TASK PROMPT:
Please transcribe the data exactly as shown, skipping the images.

COLLECTED DATA:
═══

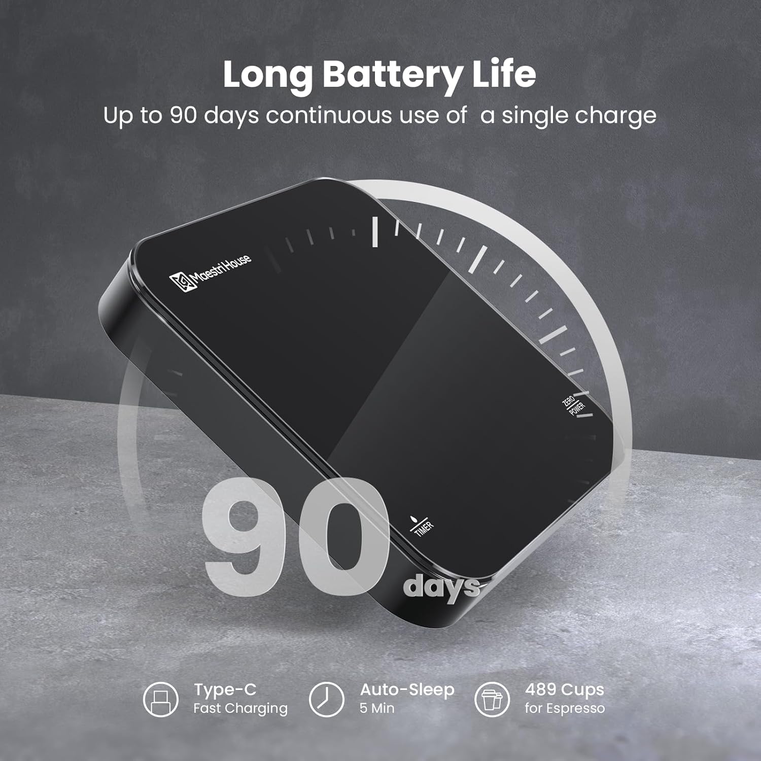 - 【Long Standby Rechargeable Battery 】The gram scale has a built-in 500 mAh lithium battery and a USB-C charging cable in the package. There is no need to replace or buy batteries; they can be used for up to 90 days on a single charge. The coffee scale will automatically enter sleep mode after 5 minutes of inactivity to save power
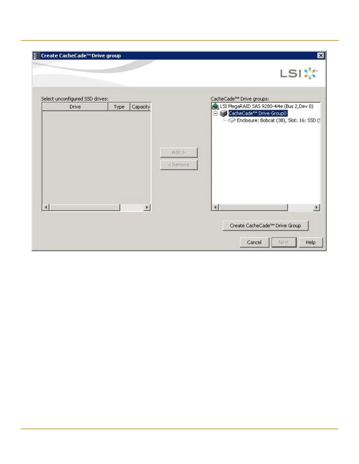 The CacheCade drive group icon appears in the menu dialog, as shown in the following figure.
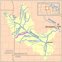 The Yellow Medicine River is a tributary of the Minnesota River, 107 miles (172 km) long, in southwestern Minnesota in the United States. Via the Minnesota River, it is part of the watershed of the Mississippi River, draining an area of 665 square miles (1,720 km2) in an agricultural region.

═══

OUTPUT BELOW:
 - 【Long Standby Rechargeable Battery 】The gram scale has a built-in 500 mAh lithium battery and a USB-C charging cable in the package. There is no need to replace or buy batteries; they can be used for up to 90 days on a single charge. The coffee scale will automatically enter sleep mode after 5 minutes of inactivity to save power
 The CacheCade drive group icon appears in the menu dialog, as shown in the following figure.
 The Yellow Medicine River is a tributary of the Minnesota River, 107 miles (172 km) long, in southwestern Minnesota in the United States. Via the Minnesota River, it is part of the watershed of the Mississippi River, draining an area of 665 square miles (1,720 km2) in an agricultural region.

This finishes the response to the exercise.